Retype the records below from their first line through the line containing "Faltenrock beige mit Riemchen", and include nothing else.

[Start of Attachment]

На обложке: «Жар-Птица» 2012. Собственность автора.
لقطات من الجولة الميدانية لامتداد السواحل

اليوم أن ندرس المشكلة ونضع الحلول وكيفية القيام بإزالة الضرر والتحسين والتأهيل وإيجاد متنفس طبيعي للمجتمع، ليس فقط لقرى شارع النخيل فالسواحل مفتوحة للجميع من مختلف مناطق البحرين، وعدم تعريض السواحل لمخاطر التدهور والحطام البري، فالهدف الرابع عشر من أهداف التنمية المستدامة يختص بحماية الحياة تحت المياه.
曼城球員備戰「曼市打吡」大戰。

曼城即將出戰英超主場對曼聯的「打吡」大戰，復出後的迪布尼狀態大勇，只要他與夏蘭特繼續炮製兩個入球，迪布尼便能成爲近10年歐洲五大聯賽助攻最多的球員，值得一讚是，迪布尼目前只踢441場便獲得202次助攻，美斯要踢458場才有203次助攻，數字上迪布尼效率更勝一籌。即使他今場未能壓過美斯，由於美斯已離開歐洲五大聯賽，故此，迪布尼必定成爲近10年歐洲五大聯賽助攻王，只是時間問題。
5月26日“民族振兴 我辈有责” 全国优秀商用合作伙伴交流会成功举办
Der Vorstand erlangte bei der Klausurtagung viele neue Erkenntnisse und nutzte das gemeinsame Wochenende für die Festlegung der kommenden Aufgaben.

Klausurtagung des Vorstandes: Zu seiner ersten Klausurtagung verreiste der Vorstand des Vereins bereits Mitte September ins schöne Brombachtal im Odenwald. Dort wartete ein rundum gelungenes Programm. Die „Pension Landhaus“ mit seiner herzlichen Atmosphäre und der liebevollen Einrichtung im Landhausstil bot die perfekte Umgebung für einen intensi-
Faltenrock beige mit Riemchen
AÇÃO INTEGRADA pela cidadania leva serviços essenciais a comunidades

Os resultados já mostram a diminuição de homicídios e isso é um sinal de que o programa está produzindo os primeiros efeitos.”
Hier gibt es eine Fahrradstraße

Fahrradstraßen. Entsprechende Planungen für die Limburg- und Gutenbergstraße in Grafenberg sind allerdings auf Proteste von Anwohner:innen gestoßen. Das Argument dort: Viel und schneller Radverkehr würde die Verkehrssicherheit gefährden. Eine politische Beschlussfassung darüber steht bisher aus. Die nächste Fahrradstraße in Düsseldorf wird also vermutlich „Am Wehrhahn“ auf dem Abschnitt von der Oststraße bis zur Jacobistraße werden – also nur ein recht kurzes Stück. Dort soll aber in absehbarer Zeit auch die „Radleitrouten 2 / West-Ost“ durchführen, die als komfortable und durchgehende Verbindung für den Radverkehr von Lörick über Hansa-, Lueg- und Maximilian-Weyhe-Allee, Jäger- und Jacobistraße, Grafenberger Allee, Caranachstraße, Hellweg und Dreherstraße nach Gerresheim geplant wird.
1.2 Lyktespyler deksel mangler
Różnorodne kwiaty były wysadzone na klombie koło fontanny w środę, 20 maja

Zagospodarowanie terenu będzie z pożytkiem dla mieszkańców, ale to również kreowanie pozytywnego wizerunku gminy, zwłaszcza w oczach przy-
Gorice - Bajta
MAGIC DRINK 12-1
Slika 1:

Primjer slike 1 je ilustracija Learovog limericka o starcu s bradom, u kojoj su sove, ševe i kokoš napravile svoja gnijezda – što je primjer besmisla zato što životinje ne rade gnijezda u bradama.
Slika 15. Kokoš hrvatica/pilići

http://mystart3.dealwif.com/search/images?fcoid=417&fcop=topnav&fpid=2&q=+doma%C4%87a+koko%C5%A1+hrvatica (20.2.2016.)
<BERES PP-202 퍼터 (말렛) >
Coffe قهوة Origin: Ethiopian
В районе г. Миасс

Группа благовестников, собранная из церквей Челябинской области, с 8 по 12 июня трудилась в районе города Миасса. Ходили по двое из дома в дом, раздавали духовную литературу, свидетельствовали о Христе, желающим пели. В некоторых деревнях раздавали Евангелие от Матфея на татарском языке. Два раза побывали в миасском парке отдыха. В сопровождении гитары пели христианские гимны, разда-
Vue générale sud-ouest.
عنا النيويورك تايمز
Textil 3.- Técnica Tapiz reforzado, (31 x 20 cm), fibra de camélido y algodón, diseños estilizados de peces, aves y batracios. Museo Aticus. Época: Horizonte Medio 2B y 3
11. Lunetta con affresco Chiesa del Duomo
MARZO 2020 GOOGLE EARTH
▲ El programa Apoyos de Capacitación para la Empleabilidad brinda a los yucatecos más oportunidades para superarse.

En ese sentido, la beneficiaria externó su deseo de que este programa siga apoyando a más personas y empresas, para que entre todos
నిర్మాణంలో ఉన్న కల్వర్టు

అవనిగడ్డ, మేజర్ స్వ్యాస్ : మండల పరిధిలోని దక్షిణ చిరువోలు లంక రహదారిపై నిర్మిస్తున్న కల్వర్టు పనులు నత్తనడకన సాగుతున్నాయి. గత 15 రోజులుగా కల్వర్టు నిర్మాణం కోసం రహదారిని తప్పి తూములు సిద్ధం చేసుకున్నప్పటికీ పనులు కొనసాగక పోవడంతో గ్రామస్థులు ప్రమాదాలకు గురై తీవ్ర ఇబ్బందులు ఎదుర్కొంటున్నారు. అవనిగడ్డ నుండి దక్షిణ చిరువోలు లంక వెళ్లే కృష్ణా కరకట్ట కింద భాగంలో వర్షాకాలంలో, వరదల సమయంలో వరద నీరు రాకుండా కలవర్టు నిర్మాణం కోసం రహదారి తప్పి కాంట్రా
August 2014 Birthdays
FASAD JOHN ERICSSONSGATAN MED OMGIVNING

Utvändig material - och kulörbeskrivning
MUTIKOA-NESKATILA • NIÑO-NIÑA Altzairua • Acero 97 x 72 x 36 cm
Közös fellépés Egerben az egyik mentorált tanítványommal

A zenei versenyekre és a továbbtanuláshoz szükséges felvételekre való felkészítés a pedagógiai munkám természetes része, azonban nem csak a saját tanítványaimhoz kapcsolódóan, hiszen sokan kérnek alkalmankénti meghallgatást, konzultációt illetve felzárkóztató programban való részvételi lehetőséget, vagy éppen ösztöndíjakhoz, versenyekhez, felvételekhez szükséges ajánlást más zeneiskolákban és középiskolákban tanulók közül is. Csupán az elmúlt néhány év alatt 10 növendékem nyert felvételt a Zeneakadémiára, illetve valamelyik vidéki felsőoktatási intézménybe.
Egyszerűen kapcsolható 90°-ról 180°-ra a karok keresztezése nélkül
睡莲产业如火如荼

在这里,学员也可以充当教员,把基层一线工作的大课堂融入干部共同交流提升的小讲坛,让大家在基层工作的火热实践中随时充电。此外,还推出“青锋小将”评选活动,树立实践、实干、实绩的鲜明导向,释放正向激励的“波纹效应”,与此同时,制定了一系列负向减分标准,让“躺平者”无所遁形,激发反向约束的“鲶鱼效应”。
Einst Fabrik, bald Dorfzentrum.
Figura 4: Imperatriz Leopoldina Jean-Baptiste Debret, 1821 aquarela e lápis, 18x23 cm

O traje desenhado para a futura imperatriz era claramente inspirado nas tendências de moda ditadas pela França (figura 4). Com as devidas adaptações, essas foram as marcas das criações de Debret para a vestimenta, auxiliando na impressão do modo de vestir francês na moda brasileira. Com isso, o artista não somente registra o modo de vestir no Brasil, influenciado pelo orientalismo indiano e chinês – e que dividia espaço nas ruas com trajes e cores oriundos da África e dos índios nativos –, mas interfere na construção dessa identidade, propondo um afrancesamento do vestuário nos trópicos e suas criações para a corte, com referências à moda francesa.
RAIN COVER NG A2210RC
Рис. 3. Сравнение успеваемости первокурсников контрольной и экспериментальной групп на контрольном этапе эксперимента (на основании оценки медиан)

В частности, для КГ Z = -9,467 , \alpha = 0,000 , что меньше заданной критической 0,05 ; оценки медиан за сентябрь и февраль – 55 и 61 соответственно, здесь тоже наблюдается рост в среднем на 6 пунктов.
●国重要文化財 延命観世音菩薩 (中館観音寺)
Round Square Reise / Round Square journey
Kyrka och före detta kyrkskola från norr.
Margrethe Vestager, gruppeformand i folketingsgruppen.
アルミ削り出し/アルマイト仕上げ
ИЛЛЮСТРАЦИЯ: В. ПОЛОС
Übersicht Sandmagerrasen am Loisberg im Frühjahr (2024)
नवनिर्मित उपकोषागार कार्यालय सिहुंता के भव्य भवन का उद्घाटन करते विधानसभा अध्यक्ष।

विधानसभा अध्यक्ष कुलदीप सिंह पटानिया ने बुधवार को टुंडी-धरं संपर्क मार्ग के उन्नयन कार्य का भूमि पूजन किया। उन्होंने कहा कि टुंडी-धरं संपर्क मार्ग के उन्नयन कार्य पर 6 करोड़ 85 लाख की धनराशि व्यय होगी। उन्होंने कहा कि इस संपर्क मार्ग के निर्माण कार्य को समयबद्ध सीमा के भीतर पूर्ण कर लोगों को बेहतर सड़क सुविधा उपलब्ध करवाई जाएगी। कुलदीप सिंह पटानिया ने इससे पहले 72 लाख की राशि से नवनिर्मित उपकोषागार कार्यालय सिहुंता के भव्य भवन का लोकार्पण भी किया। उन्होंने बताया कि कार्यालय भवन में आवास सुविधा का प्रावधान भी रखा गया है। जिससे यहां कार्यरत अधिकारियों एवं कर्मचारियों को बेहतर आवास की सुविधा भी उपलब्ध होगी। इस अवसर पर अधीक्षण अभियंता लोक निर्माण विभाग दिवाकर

[End of Attachment]

Expected output —
На обложке: «Жар-Птица» 2012. Собственность автора.
لقطات من الجولة الميدانية لامتداد السواحل

اليوم أن ندرس المشكلة ونضع الحلول وكيفية القيام بإزالة الضرر والتحسين والتأهيل وإيجاد متنفس طبيعي للمجتمع، ليس فقط لقرى شارع النخيل فالسواحل مفتوحة للجميع من مختلف مناطق البحرين، وعدم تعريض السواحل لمخاطر التدهور والحطام البري، فالهدف الرابع عشر من أهداف التنمية المستدامة يختص بحماية الحياة تحت المياه.
曼城球員備戰「曼市打吡」大戰。

曼城即將出戰英超主場對曼聯的「打吡」大戰，復出後的迪布尼狀態大勇，只要他與夏蘭特繼續炮製兩個入球，迪布尼便能成爲近10年歐洲五大聯賽助攻最多的球員，值得一讚是，迪布尼目前只踢441場便獲得202次助攻，美斯要踢458場才有203次助攻，數字上迪布尼效率更勝一籌。即使他今場未能壓過美斯，由於美斯已離開歐洲五大聯賽，故此，迪布尼必定成爲近10年歐洲五大聯賽助攻王，只是時間問題。
5月26日“民族振兴 我辈有责” 全国优秀商用合作伙伴交流会成功举办
Der Vorstand erlangte bei der Klausurtagung viele neue Erkenntnisse und nutzte das gemeinsame Wochenende für die Festlegung der kommenden Aufgaben.

Klausurtagung des Vorstandes: Zu seiner ersten Klausurtagung verreiste der Vorstand des Vereins bereits Mitte September ins schöne Brombachtal im Odenwald. Dort wartete ein rundum gelungenes Programm. Die „Pension Landhaus“ mit seiner herzlichen Atmosphäre und der liebevollen Einrichtung im Landhausstil bot die perfekte Umgebung für einen intensi-
Faltenrock beige mit Riemchen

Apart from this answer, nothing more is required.